Art Basel is over; now, it’s Chicago’s turn—but on a slightly smaller scale. Art Chicago 2007, an international contemporary art fair, will be on view from April 27 to 29, with a special preview on April 26. Art Chicago will serve as the centerpiece of a giant citywide celebration called ARTropolis.

Art collectors, dealers, curators, patrons, and enthusiasts can check out the work of 150 exhibitors in 600 booths located in a space that spans 200,000 square feet on the 7th floor of Merchandise Mart overlooking the Chicago River in the city’s River North neighborhood. Participants will include galleries from as close as the West Loop to as far away as Paris. This is Art Chicago’s second year in the Merchandise Mart. In past years it was held in Grant Park and Navy Pier.
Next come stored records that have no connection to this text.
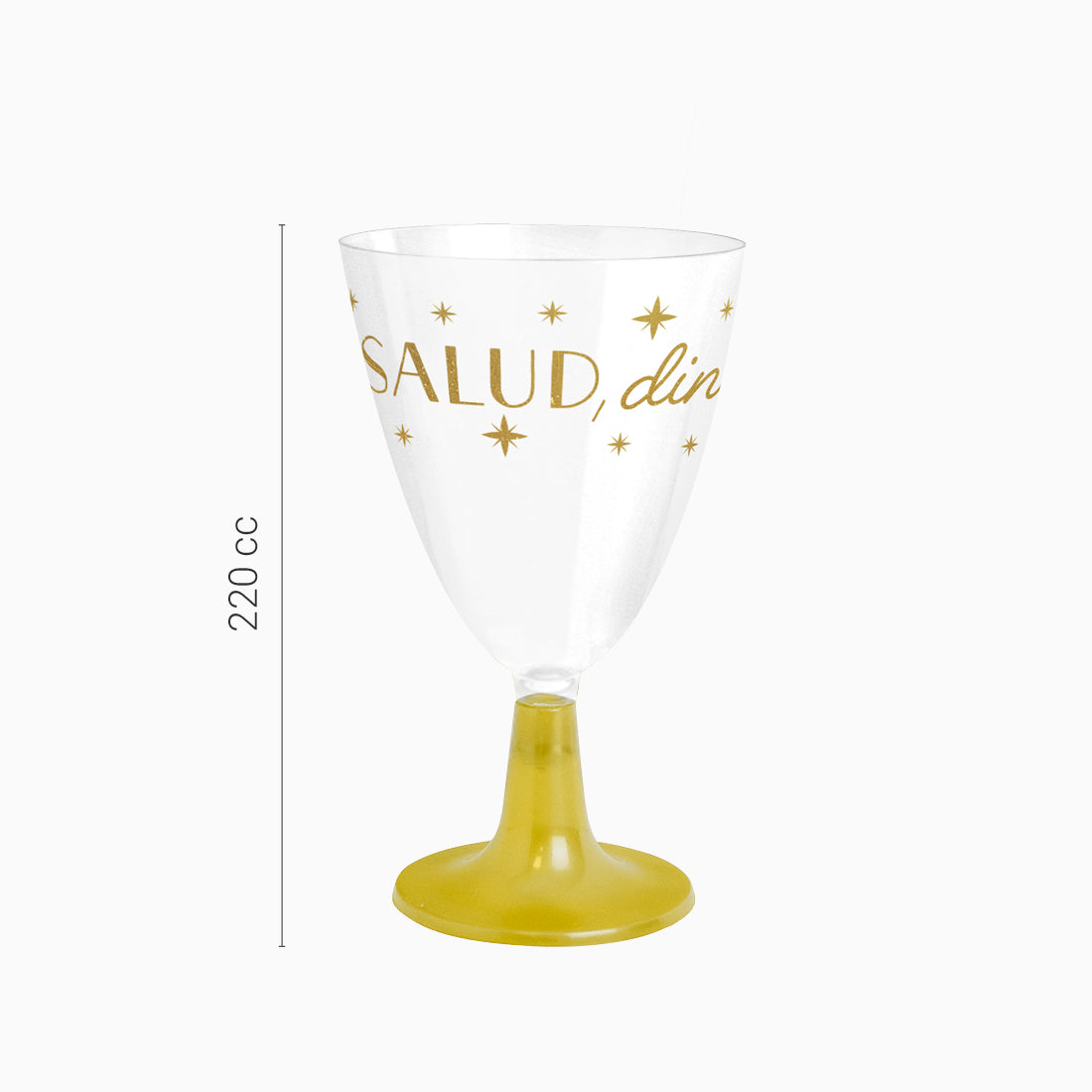 Packung mit 3 transparenten Wasser-/Weingläsern mit 220 cc, metallischem Effekt, goldener Schneeflockenzeichnung und der Botschaft „Gesundheit, Geld und Liebe“.
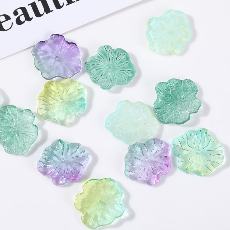 氷透ガラスシミュレーション立体二色グラデーション蓮の葉diyイヤリング髪飾りブレスレットアクセサリー材料卸売り
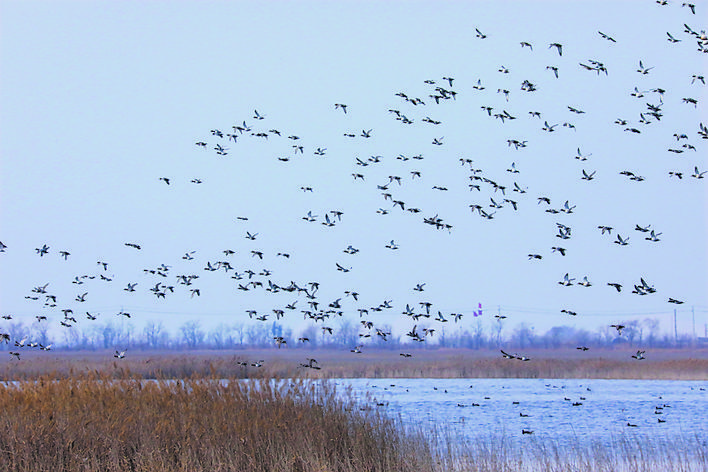 近日,渤海新区南大港湿地迎来了大批迁徙候鸟。成群的灰雁、天鹅、白鹭、野鸭等鸟类,时而展翅翱翔于天际,时而在水面扎堆聚集,场面蔚为壮观。 刘全胜 摄
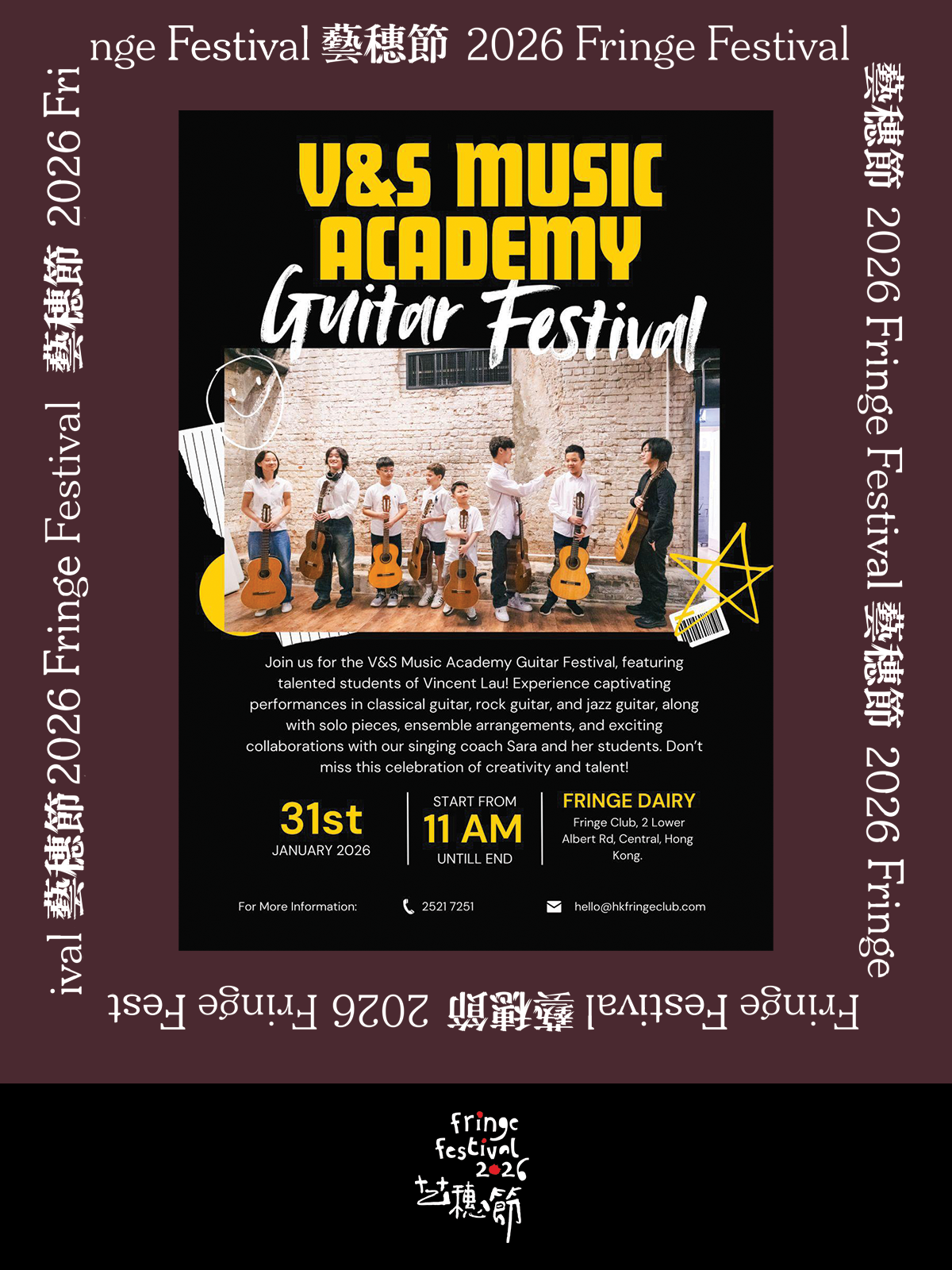 Join us for the V&S Music Academy Guitar Festival, featuring talented students of Vincent Lau! Experience captivating performances in classical guitar, rock guitar, and jazz guitar, along with solo pieces, ensemble arrangements, and exciting collaborations with our singing coach Sara and her students. Don't miss this celebration of creativity and talent!
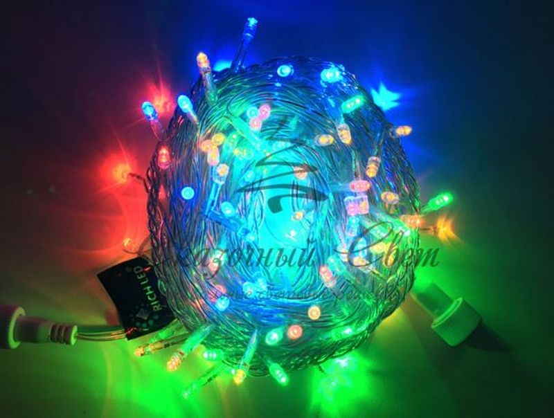 Гирлянда Нить 10 м, 220В, флэш, колпачок, МУЛЬТИ, белый провод купить в интернет-магазине Сказочный свет
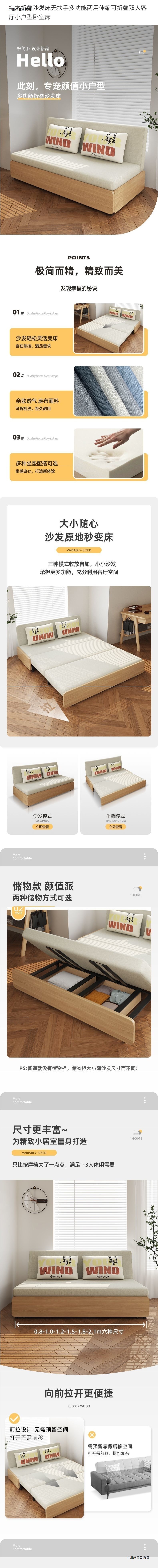 [절묘한 디자인] 팔걸이가 없는 원목 접이식 소파 베드, 다기능 이중 목적 접이식 더블 거실스토어 가기
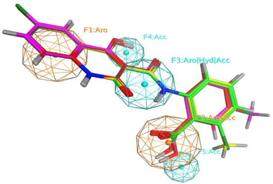 PI3Kα inhibitors pharmacophore model with 14 (red color), 15 (green color), 22 (pink color), and 23 (yellow color).
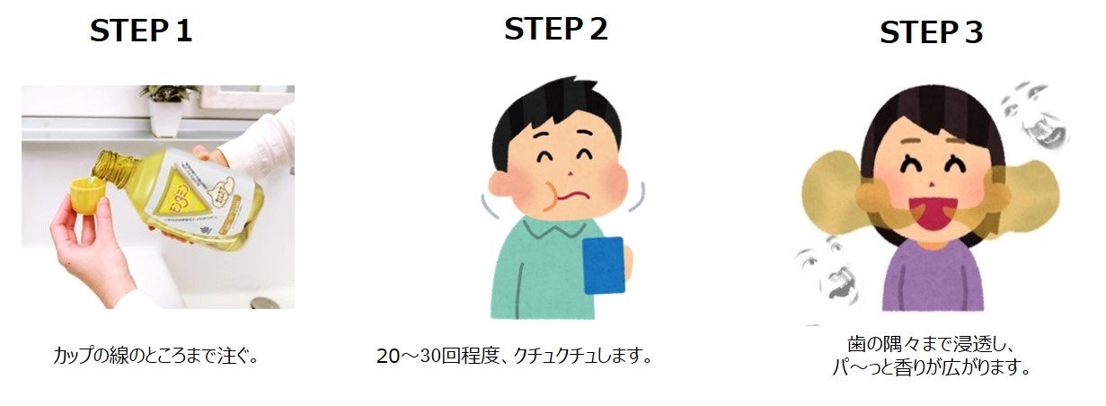 ※1:呼吸回数や飲食したもの(特に甘いものやハッカ等清涼感のあるもの)により、持続が短くなる場合があります。効果が感じられなくなった場合は、追加クチュしてください。
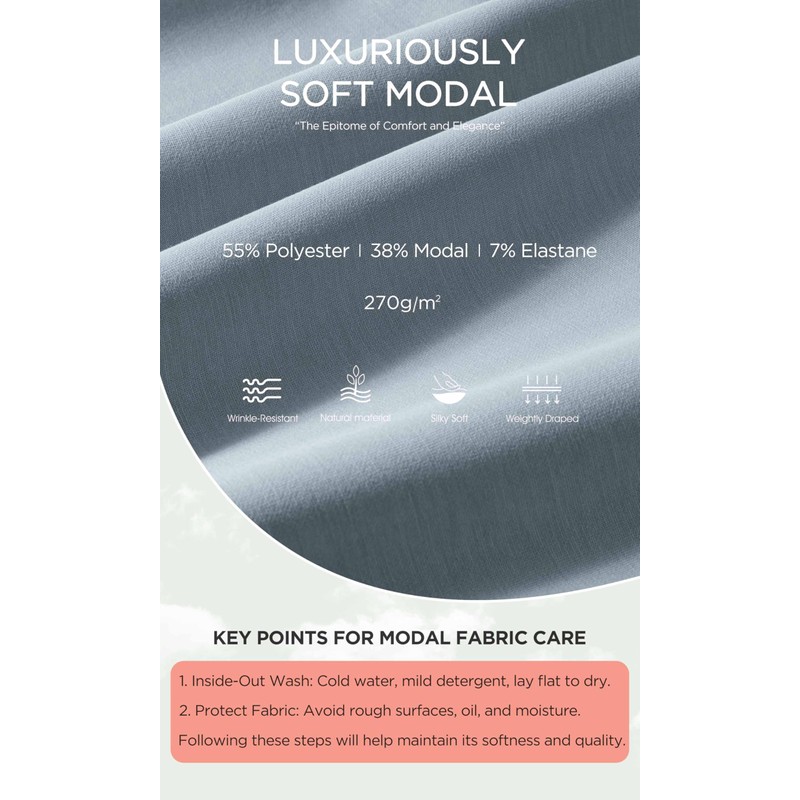 - Modal Soft: Made of ultra soft modal fabric blend with polyester and spandex, 270g/m² medium weight fabric, weightly draped, moisture absorption and wrinkle-resistant, keep the shape of the tops well.

Tickets to Art Chicago are $15 and include admittance to various seminars, including a symposium entitled “The Art World is Flat: Globalism—Crisis and Opportunity.” Ticket buyers may also attend the international antiques fair, the Intuit show, the Artist Project, and the Bridge Art Fair, all located in the complex. Specially designed talks for students will be given on April 30. New Insight, a show curated by Renaissance Society Executive Director, Susanne Ghez, will also open. It will include the work of MFA students from the School of the Art Institute of Chicago, University of Illinois at Chicago, University of Illinois at Urbana Champaign, Rhode Island School of Design, Yale University, Hunter College, and California Institute of the Arts, among others.

Art Chicago is just one of the many art-related events occurring in the city over the next few months. Other events include Looptopia (a 24-hour long cultural festival held on May 11), and the annual meeting of the American Association of Museums, also in May.